Вернувшееся было самообладание резко рухнуло вниз, и от Инессы, конечно, не скрылось то, как Маша скривила губы. Она потёрла плечо, глядя мимо. Ногти царапнули по бледной коже. Никто из курсантов не загорал специально, но все почему-то становились коричневыми к концу июля. Инесса была бледной, как молоко.
— Пойдём, подумаем? У меня есть идея нарисовать кое-какие графики.
Они нашли себе свободную парту и разгребли её от чужих бумаг и карандашей. Сабрина, не оборачиваясь, продолжала работать над отчётом, когда в комнату опять впорхнула Эльза
— Ребята, там приехали рабочие, будут ставить новый столб, вы справитесь тут без меня?
По комнате пронёсся вздох облегчения — головы у всех гудели от духоты и Эльзиных нотаций. Но перед тем как выйти, она прошлась к выставке камней, многозначительно поводила в воздухе пальцем.
— Думаю, завтра мы ещё проведём голосование за лучший камень.
Маша схватилась за голову. Хотелось нервно расхохотаться и рассказать кому-нибудь, что на практике они делают выставку камней, а ещё ей не дают писать отчёт, но кому расскажешь? В лаборатории собрались только те, кто сам бродил по берегу, выискивая симпатичные голыши.
— Ерунда какая-то… — Больное горло не послушалось. Маша хотела приглушить голос, но он прозвучал в притихшей комнате, как гудок теплохода.
Эльза моментально вскинулась и обернулась. В прозрачных голубых глазах, на губах телесного цвета мелькнуло отчаяние. Она вся оказалась, как птица в полёте над бездонной пропастью, и зачем только глянула вниз…
— Вы назвали мою практику ерундой? Я не ослышалась, ерундой? О да, лучше бы вы спали дальше!
Взметнулись кудряшки. Звук её шагов удалился по коридору к выходу, а Маша закашлялась, упав лбом в парту. Со всех сторон её участливо пожурили:
— Ну чего ты так громко?
— Она же нервная, не знаешь как будто.
— Через пять минут забудет, — саму себя успокоила Маша, хотя воображение уже рисовало красочные картины отчисления из института. Причина — неуспеваемость по практике была куда значительнее, чем какие-нибудь там несданные экзамены. Пойди потом доказывай, что всего лишь не успела придумать красивое название камушку.

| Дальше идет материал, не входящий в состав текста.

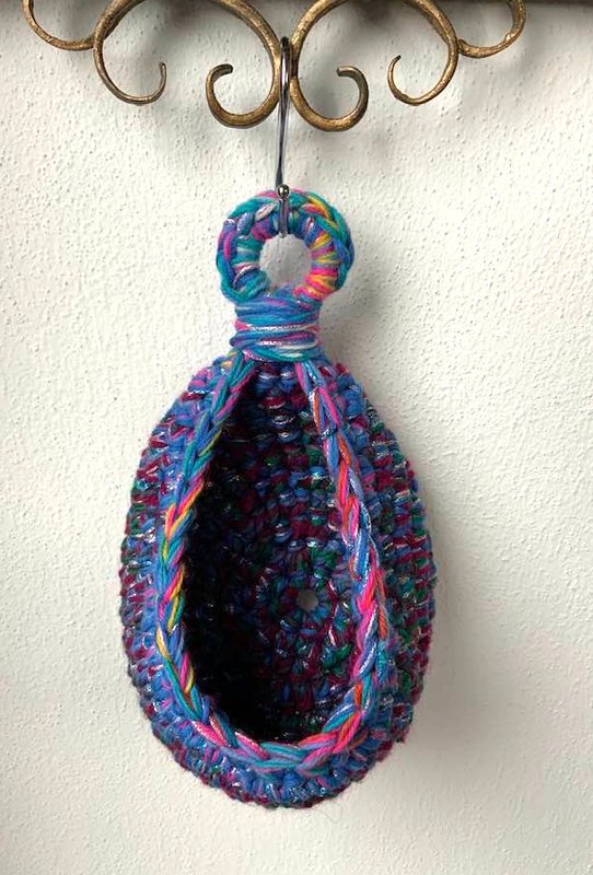 CoCon- Utensilo aus Wollresten ..einfach an einen Haken oder Nagel hängen..und hinein passt Alles mögliche: Badezimmeruntesilien , Schlüssel, was nettes für Ostern, Geburtstage .....oder wie hier auf dem Foto ein MINI-Orchidee

Сабрина развернулась на стуле и сложила руки на его спинке. Распущенные чёрные волосы скользнули по плечам вниз, на узкую тёмную футболку безо всяких рисунков и надписей.
— Я не знаю, чем вы тут собрались заниматься. Но если вы ещё не уловили, не будет никакой команды.
Инесса посмотрела на неё зло и выжидательно, мол, успокойся, пора уже. Снаружи глухо грохнуло — рабочие оттащили столб и бросили его в стороне, змеи проводов уползли в высокую траву. Маша поняла, что силы её уже давно на исходе. Кричать она не смогла бы, всему виной саднящее горло. Да и затылок ломило тупой болью.
— Вселенский Разум, да прекратите уже! — взмолилась она, жмурясь от боли.
Сабрина сжала губы в тонкую линию. Ветер из приоткрытого окна зашуршал листками её драгоценного отчёта, но она даже не обернулась, чтобы прихлопнуть их ладонью.
— Маша, я думала, мы договорились.
Терпение вдруг кончилось, просто иссякло и всё, как иссяк вдруг дождь над стационаром. Она поднялась на ноги, опираясь руками о край парты, потому что ныли сразу все мышцы.
— Слушай, хватит на меня давить. Я так больше не могу.
Выдерживать взгляд Сабрины стало невыносимо. Да и вообще, всё невыносимо, вместе с ярким светом, истерическими воплями Эльзы и участливыми взглядами со всех сторон, от которых озябли плечи.
Маша развернулась и, зацепив коленом парту, пошла к двери, всё ожидая, что её окликнут и отругают за то, что она не хочет заняться отчётом. Но все молчали. На крыльце солнце согрело замёрзшие руки.
Оттуда Маша и услышала голос Инессы, здорово разбавленный насмешкой:
— Поздравляю, ты даже её довела.
Но возвращаться всё равно не стала.
Она обошла сердитых рабочих, неловко поднырнув под цепи подъёмного механизма, за что получила вслед невнятное ругательство. Безразлично. В сырой комнате её ждала пусть холодная, но кровать, и пыльное одеяло поверх.
Глава 7. Не пойман — не демон
— И что такое произошло? — спросила Сабрина, присаживаясь на край кровати.
Для экономии места кровати в комнате сдвинули по две, так что выходило четыре двуспальных места. Комната девочек была самой маленькой в фанерном домике и самой продуваемой от ветра, потому что оказалась крайней, и в стену постоянно нёсся ветер с реки.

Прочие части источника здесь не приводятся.